The bill, which passed unanimously, would require health care professionals to receive two credits of instruction on treating and establishing clinical relationships patients who are LGBT, gender nonconforming, or questioning. The instruction must also provide information on specific health risks facing LGBT people, and best practices for dealing with sensitive or confidential information, providing necessary support and resources to LGBT patients, and overcoming cultural biases that could otherwise adversely affect the quality of care that they receive. The bill will now go before Mayor Muriel Bowser (D) for her signature into law, after which it must survive a 30-day congressional review period.
A coalition of LGBT advocates and culturally competent health care providers lobbied and testified on the bill's behalf, in part due to various studies outlining the disparities, particularly those faced by low-income LGBT people, when it comes to receiving quality, affirming medical care. For example, according to the 2015 D.C. Trans Needs Assessment, 19 percent of transgender individuals in Washington have been denied medical care due to their gender identity.
"Today marks a major step forward in efforts to ensure that LGBT people receive welcoming, competent health care," Daniel Bruner, the senior director of policy at Whitman-Walker Health, which pushed for passage of the cultural competency bill, said in a statement. "Even with so many advances in LGBT equality in recent years, far too many of our patients, particularly those who are trans, come to us with horror stories about mis-gendering, gawking, offensive remarks, and other forms of dehumanizing maltreatment by health care professionals who should know better. There are also too many health care providers who, although they do not discriminate, lack sufficient understanding of the particular health care needs of LGBT individuals. We look forward to working with the Department of Health and the licensing boards to develop training curricula that will meet the needs of D.C. health care providers."

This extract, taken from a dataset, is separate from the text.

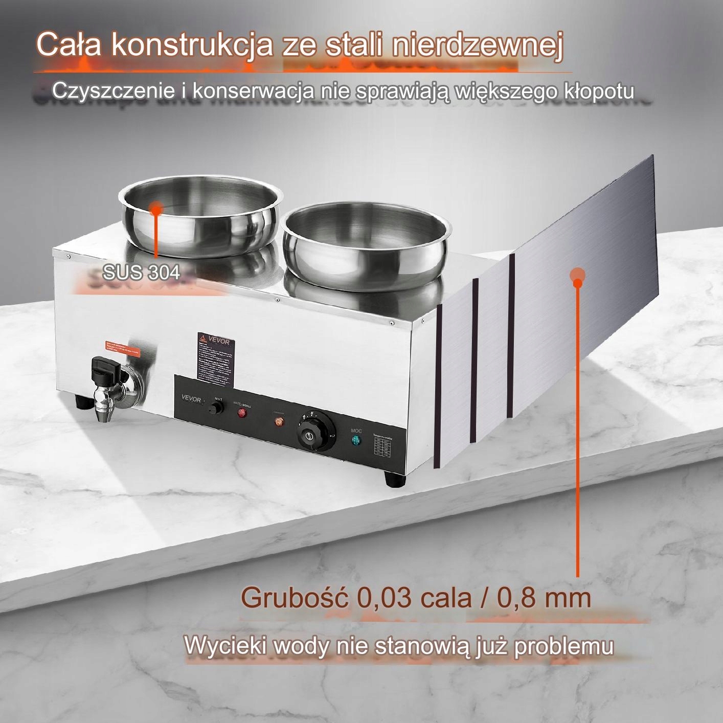 Нагрівач містить маркери рівня води всередині. Контейнер має кран, який дозволяє зливати воду після використання, що зменшує необхідність очищення внутрішньої частини пристрою. Крім того, у набір входять два дуже довгі черпаки, ідеальні для глибоких каструль.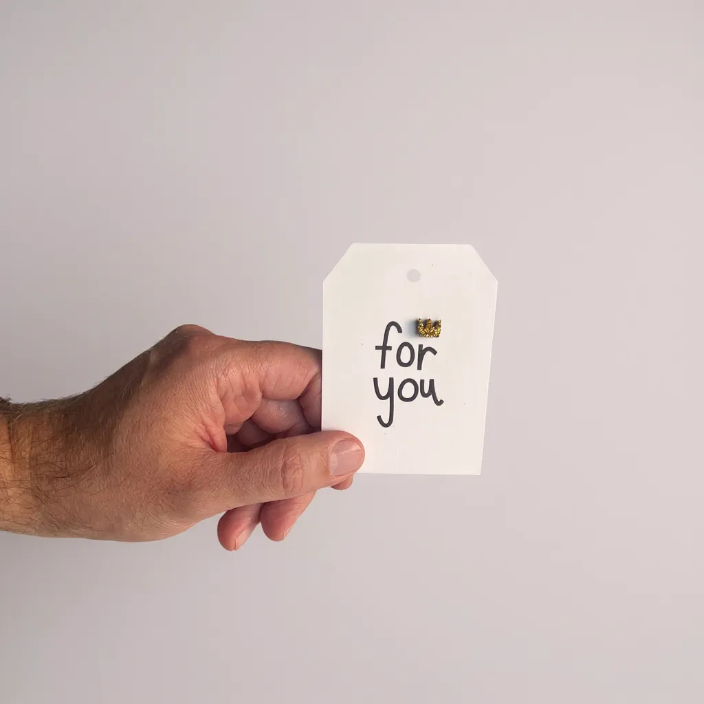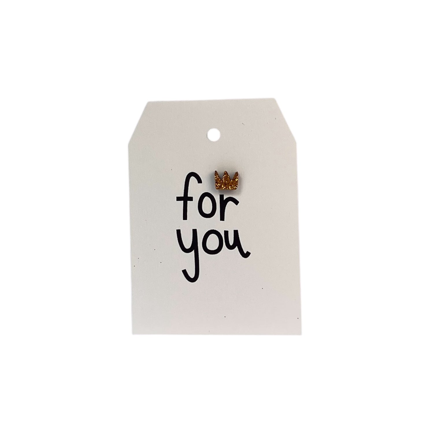Minimalistyczna kartka z napisem „for you” i złotą drewnianą koroną.

Michael Mancilla, a social worker with the Youth Pride Clinic at Children's Hospital who testified in favor of the bill's passage, is a co-investigator and co-recipient of a grant from Washington AIDS Partnership to provide cultural competency training to health care providers. Already, Mancilla says, he and his co-investigator, Dr. Lawrence D'Angelo, have already trained 1500 clinical providers on the unique health care needs of LGBT patients.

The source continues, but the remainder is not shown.